È nato negli Stati Uniti ma ha speso i 69 anni della sua vita ad aiutare i disperati che il presidente degli Stati Uniti ama far fotografare in catene mentre vengono deportati fuori dai confini a stelle e strisce. È un papa americano ma lontano dal nuovo corso della Casa Bianca. È un papa che, vincendo una commozione evidente, ha esordito scandendo nel suo discorso una parola ricorrente: pace. Una pace “disarmata e disarmante”.
Una laurea in matematica e una in filosofia, il cardinale Robert Francis Prevost è stato eletto papa al secondo giorno di conclave. Un’elezione rapidissima, che porta il segno del tempo. Se nel 1271 furono necessari 1.006 giorni di conclave e un atto che potremmo definire deciso come scoperchiare il tetto della sala per indurre i cardinali a eleggere il successore di Pietro, questa volta è stato l’opposto: 24 ore per trovare l’accordo. La moltiplicazione delle guerre in corso, gli effetti della destabilizzazione climatica e una gestione politica globale in crisi hanno suggerito la necessità di dare voce al Vaticano in tempi brevi.

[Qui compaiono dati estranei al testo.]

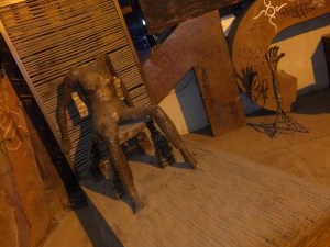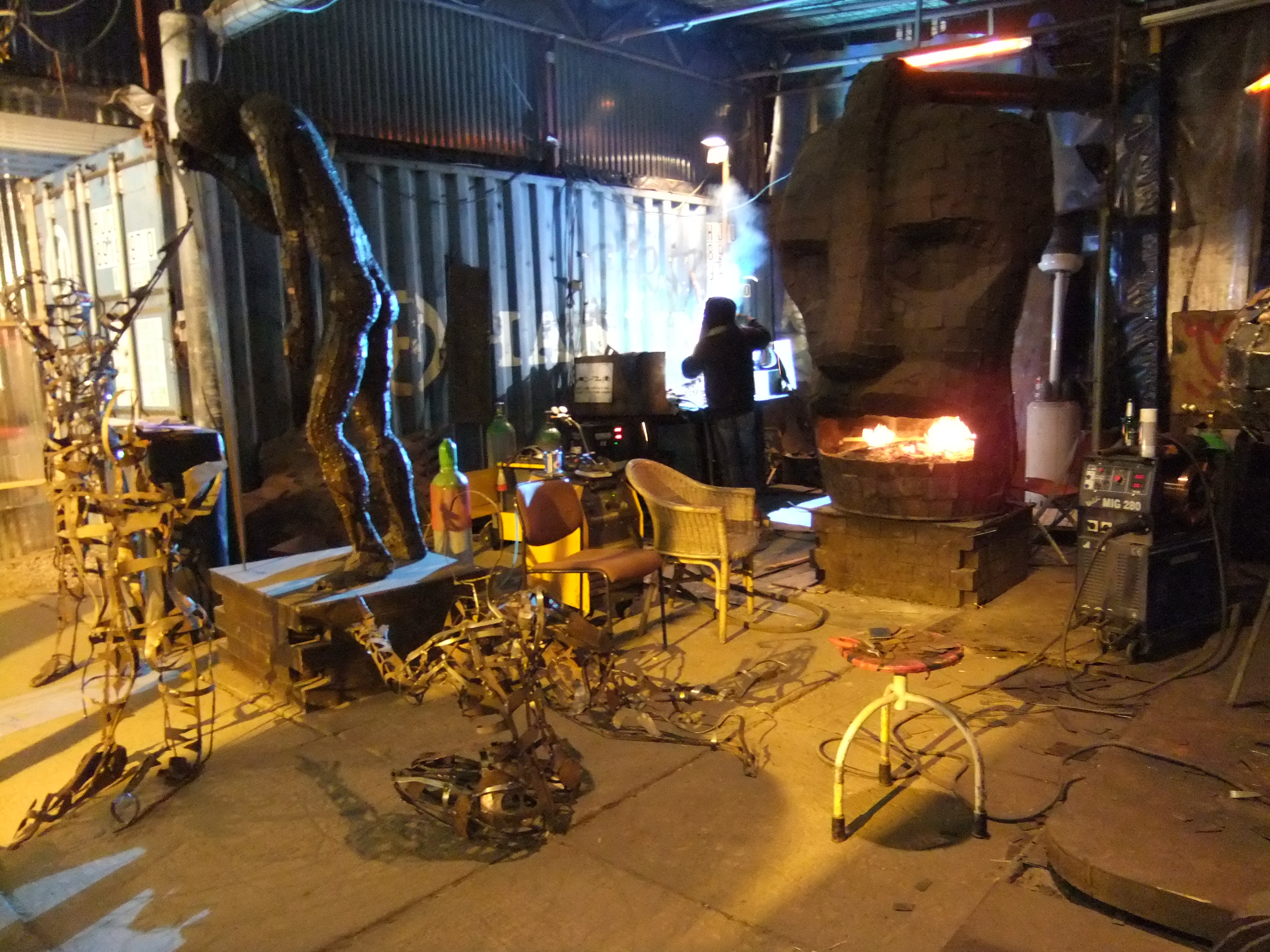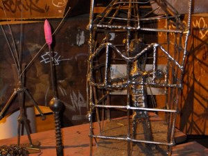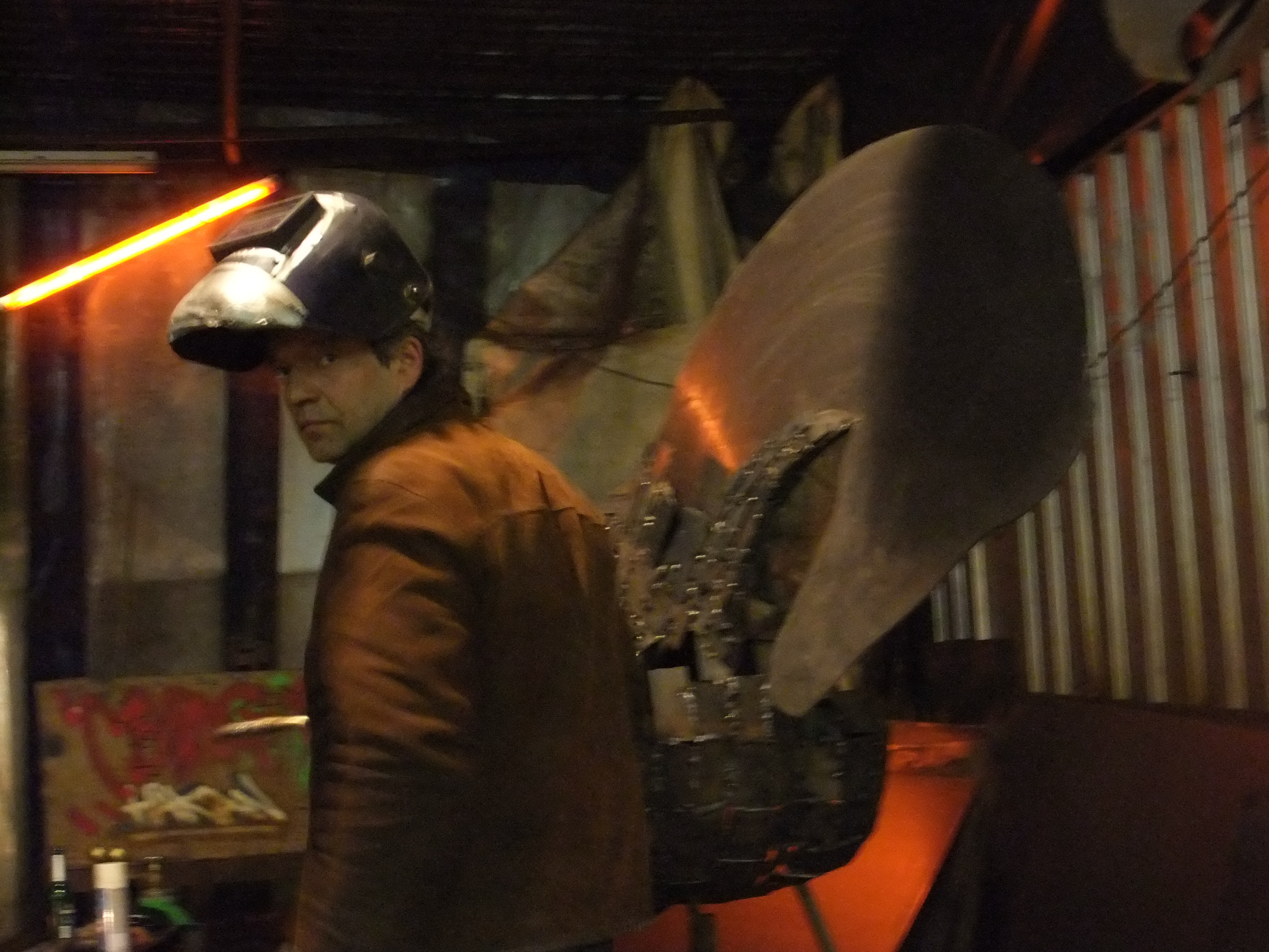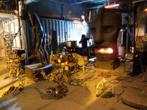 They’re working. Making art. Metal sculptures, from tiny to ginormous, out of various bits of random hardware- drill bits, ammo casings, gears, chains, screws, metal shavings. There is music: the original cast recording of Annie mixed down with a techno beat. If I were at a different time in my life I would have signed up to apprentice right there. Instead, I just took some pictures.
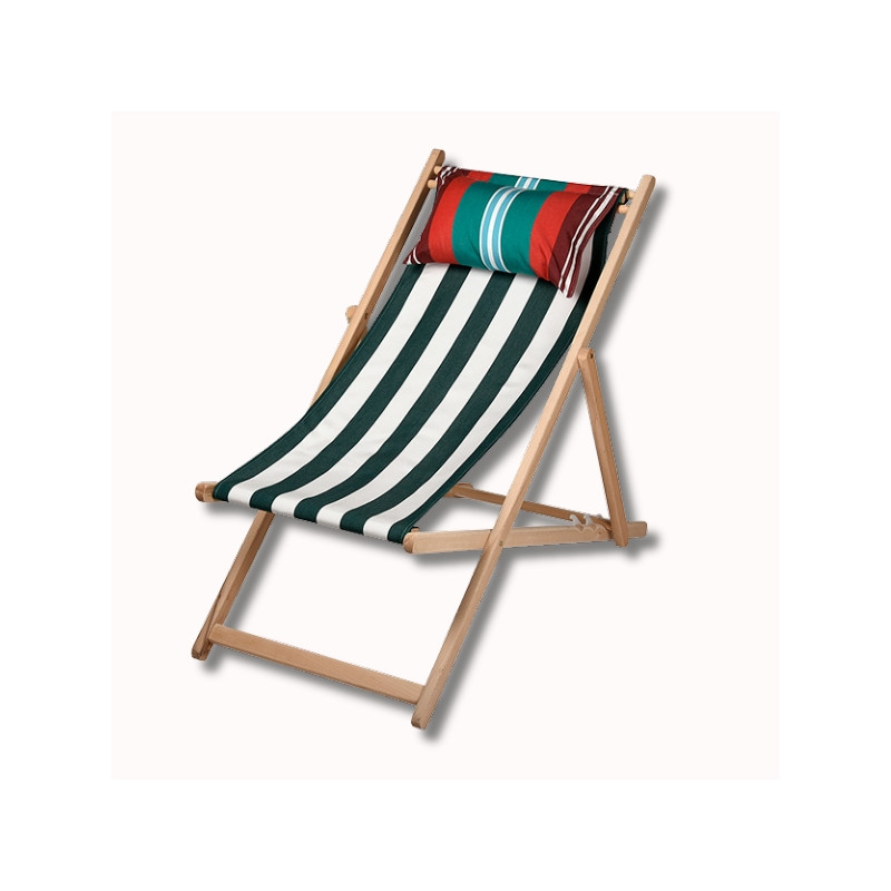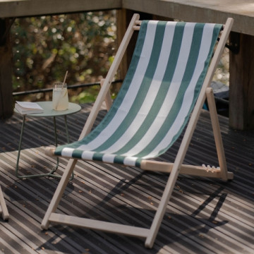 Chilienne outdoor complète avec toile Lignes Vert et coussin paresseux Lacanau. Structure en bois de hêtre naturel et toile 100 % acrylique teintée dans la masse, résistante aux UV, aux taches et aux intempéries.

Un accordo che, a caldo è stato definito da molti di compromesso. Ma è una definizione un po’ vaga e insapore. Nel corso del pontificato si vedrà quale sarà il segno della decisione dei cardinali. Nell’immediato si può dire ciò che appare. Il cardinale Prevost, che ha assunto il nome di Leone XIV, viene considerato un “centrista con aperture progressiste su tematiche sociali”. Cosa vuol dire?
Vuol dire che dal punto di vista della cultura woke per molti aspetti non è un papa progressista. Ma sotto questo profilo non lo è stato nemmeno Bergoglio. In ogni caso Prevost appare un moderato ma non un reazionario: ha sostenuto la modifica della prassi pastorale per consentire ai cattolici divorziati e risposati civilmente di ricevere la Comunione, ma è più cauto riguardo alle aperture verso la comunità LGBTQ+.
Ci sono però altri temi, centrali, su cui Leone XIV potrebbe continuare la battaglia di Francesco. Prevost ha maturato una profonda sensibilità ambientale. Missionario per anni in Perù, ha vissuto in prima linea gli effetti sociali ed ecologici dell’ingiustizia globale, sviluppando una visione pastorale attenta alla dignità umana e alla salvaguardia del pianeta. Per lui il “dominio sulla natura”, affidato da Dio all’umanità, non deve trasformarsi in “tirannia”, ma deve essere vissuto come una “relazione di reciprocità” con l’ambiente.
Leone XIV si pone in chiara continuità con l’enciclica “Laudato Si’” di papa Francesco. In più occasioni ha sottolineato che la Chiesa non può più limitarsi a parole di circostanza sul clima e sull’ambiente: servono azioni reali e una conversione ecologica profonda. Ha anche messo in guardia contro uno sviluppo tecnologico senza freni, che rischia di aggravare le disuguaglianze e distruggere l’equilibrio naturale.
Prevost è un agostiniano (primo papa agostiniano e primo papa nordamericano) convinto sostenitore dell’ecologia integrale, chiamato a Roma da Francesco come prefetto dei vescovi, e creato cardinale meno di due anni fa, il 30 settembre del 2023. Si è distinto per i moniti contro i rischi di uno sviluppo tecnologico lasciato a sé stesso, sottolineando quanto sia fondamentale costruire un’economia più umana, capace di rispettare l’ambiente e di favorire modelli circolari di produzione e consumo. Un’economia, insiste, che non alimenti la “cultura dello scarto”, ma che contribuisca a migliorare il pianeta anziché comprometterlo.
Prevost ha più volte richiamato l’attenzione sull’impegno concreto della Santa Sede nella salvaguardia ambientale: dall’installazione del grande impianto fotovoltaico sul tetto dell’Aula Paolo VI, al processo di conversione verso una mobilità completamente elettrica all’interno del Vaticano. Iniziative che, sottolinea, dimostrano la volontà della Chiesa di farsi esempio credibile di sostenibilità.
Con l’elezione di Leone XIV la Chiesa ha giocato la carta che ha ritenuto migliore per difendere l’equilibrio degli umani e della natura nel momento in cui è sotto la massima pressione. Speriamo che abbia visto giusto.